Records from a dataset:
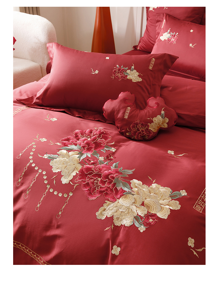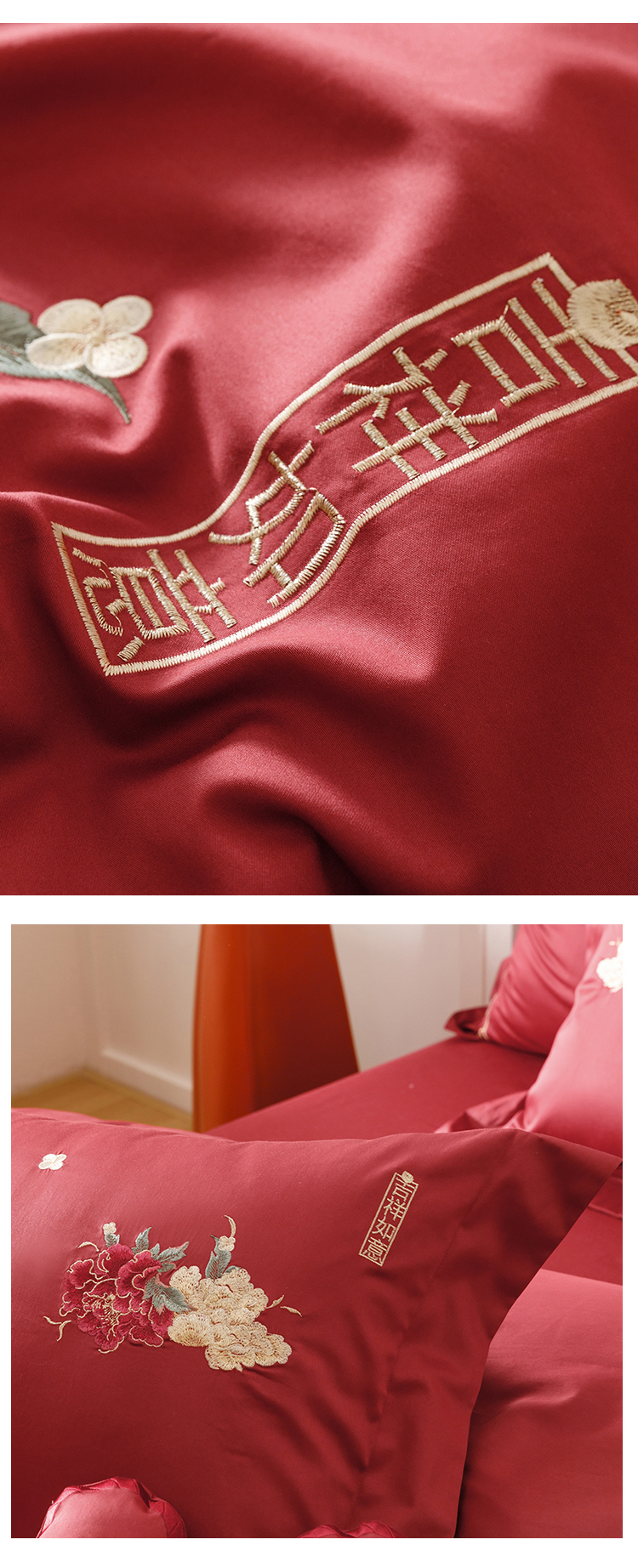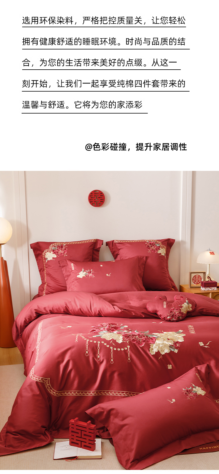 (总)金喜 2025新款婚庆刺绣四件套,百年好合-红,百年好合-金,情意绵绵
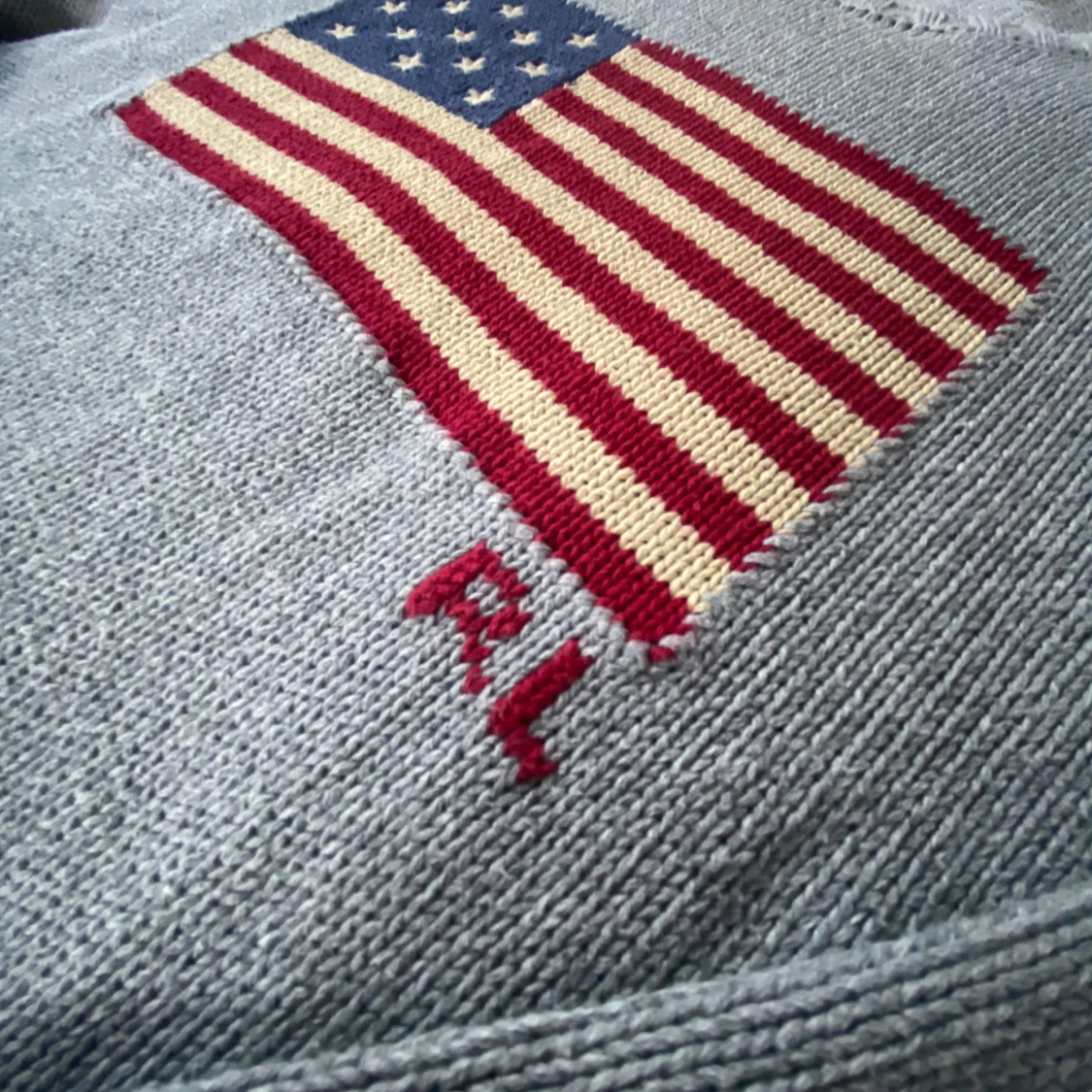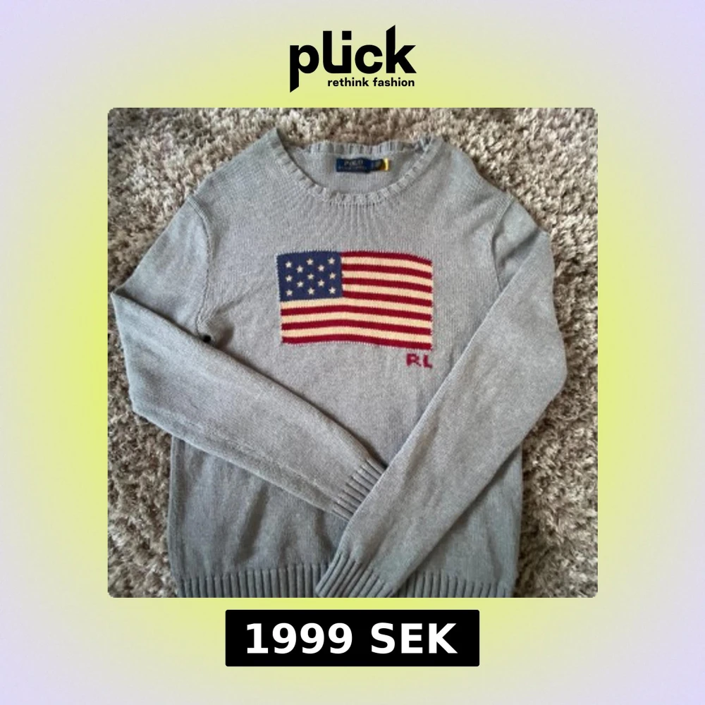Säljer en grå stickad tröja från Polo Ralph Lauren med amerikansk flagga i blått, rött och vitt på bröstet samt RL-broderi. Tröjan har rund hals och långa ärmar med ribbade muddar. Det står S på tröjan men sitter som M. Perfekt för dig som gillar klassisk och cool stil men även en avslappnad look.Har du några funderingar så är det bara att skriva👌
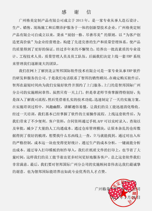 广州格美定制产品有限公司向智邦国际送感谢信
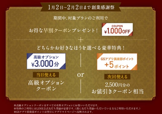 1月2日 (木)から2月2日(日)までの期間中、対象プランをご利用のお客様に早割クーポンをプレゼント。さらに、高級オプション3,000円分またはGS倶楽部ポイント5ポイント(2,500円相当)のどちらかをお選びいただけます。
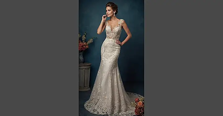 Take a look at this ‘fit and flare wedding dress’, and you can tell it’s not messing around when it comes to style. It hugs all the right curves like it’s giving you the world’s best hug, making sure you feel absolutely amazing from top to… well, almost bottom! With that intricate lace and the super cool sheer neckline, you might just feel like you’re about to walk a red carpet instead of an aisle. Just don’t try to hide any snacks in this perfectly fitted number – it’s designed to show off your fantastic self, not your secret stash of pre-wedding cookies!
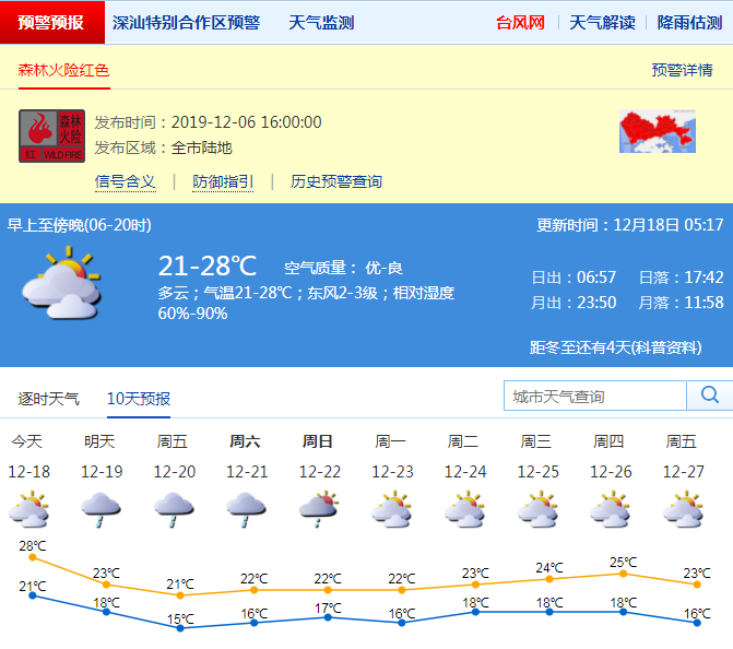 見圳客戶端·深圳新聞網(wǎng)2019年12月18日訊 深圳市氣象局預計18日多云,午間天氣溫暖,早晚有輕霧,氣溫21-28℃;19-22日受冷空氣影響,轉陰天,部分時間有分散小雨,氣溫下降,天氣轉涼,其中19日沿海、高地陣風5-6級;23日多云,可見陽光。森林火險紅色預警信號持續(xù)生效中,請注意森林防火。
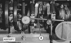 10. Check the crankshaft end play with Tooling (D). The end play is controlled by the thrust bearing on No. 4 main bearing. The end play with new bearings must be 0.08 to 0.25 mm (.003 to .010 in). The maximum permissible end play with used bearings is 0.36 mm (.014 in).
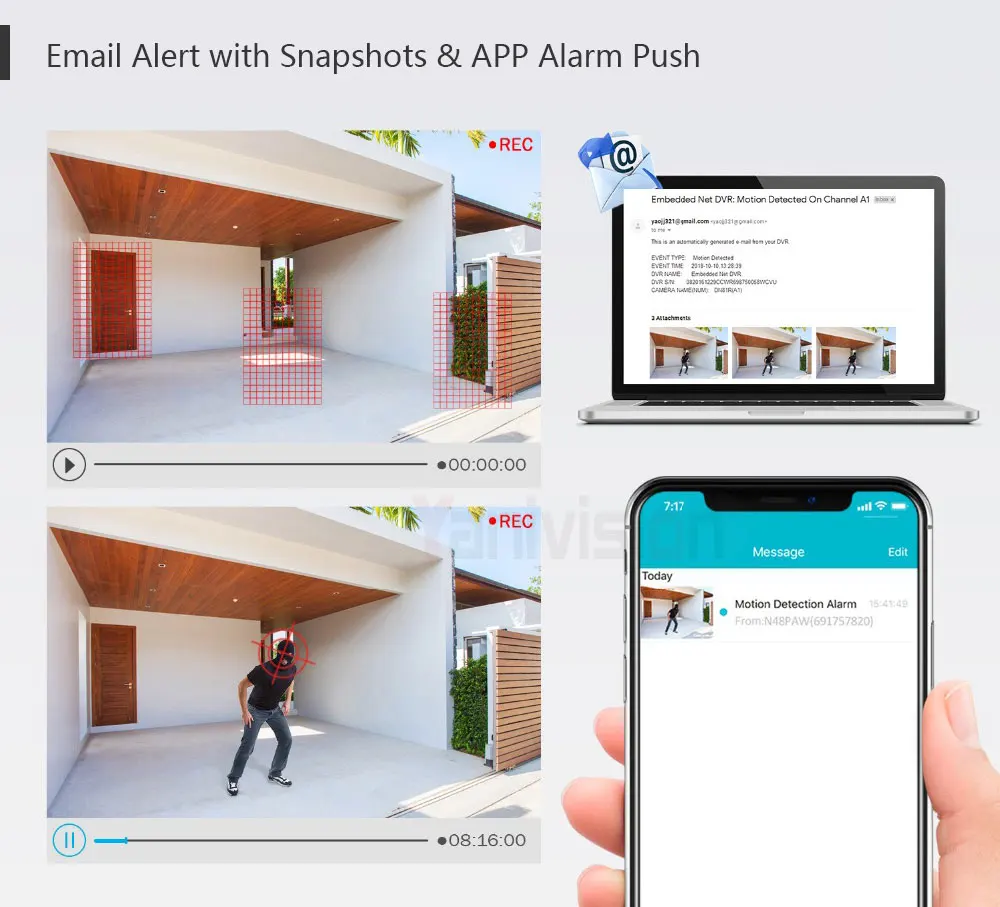 Любое подозрительное движение будет обнаружено камерой и записано одновременно. И вы получите мгновенный сигнал тревоги нажимается через приложение на смартфоне, где бы вы ни находились.
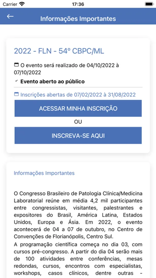 O Congresso Brasileiro de Patologia Clínica/Medicina Laboratorial reúne em média 4,2 mil participantes entre congressistas, visitantes, palestrantes e expositores do Brasil, América Latina, Estados Unidos, Europa e Ásia. Em 2022, o evento acontece de 4 a 7 de outubro, no CentroSul Centro de Convenções, em Florianópolis-SC.

## TASK OBJECTIVE
The output must match, line for line, the span from the line containing "10. Check the" through the end of the data, with the pictures removed.

## RESPONSE
 10. Check the crankshaft end play with Tooling (D). The end play is controlled by the thrust bearing on No. 4 main bearing. The end play with new bearings must be 0.08 to 0.25 mm (.003 to .010 in). The maximum permissible end play with used bearings is 0.36 mm (.014 in).
 Любое подозрительное движение будет обнаружено камерой и записано одновременно. И вы получите мгновенный сигнал тревоги нажимается через приложение на смартфоне, где бы вы ни находились.
 O Congresso Brasileiro de Patologia Clínica/Medicina Laboratorial reúne em média 4,2 mil participantes entre congressistas, visitantes, palestrantes e expositores do Brasil, América Latina, Estados Unidos, Europa e Ásia. Em 2022, o evento acontece de 4 a 7 de outubro, no CentroSul Centro de Convenções, em Florianópolis-SC.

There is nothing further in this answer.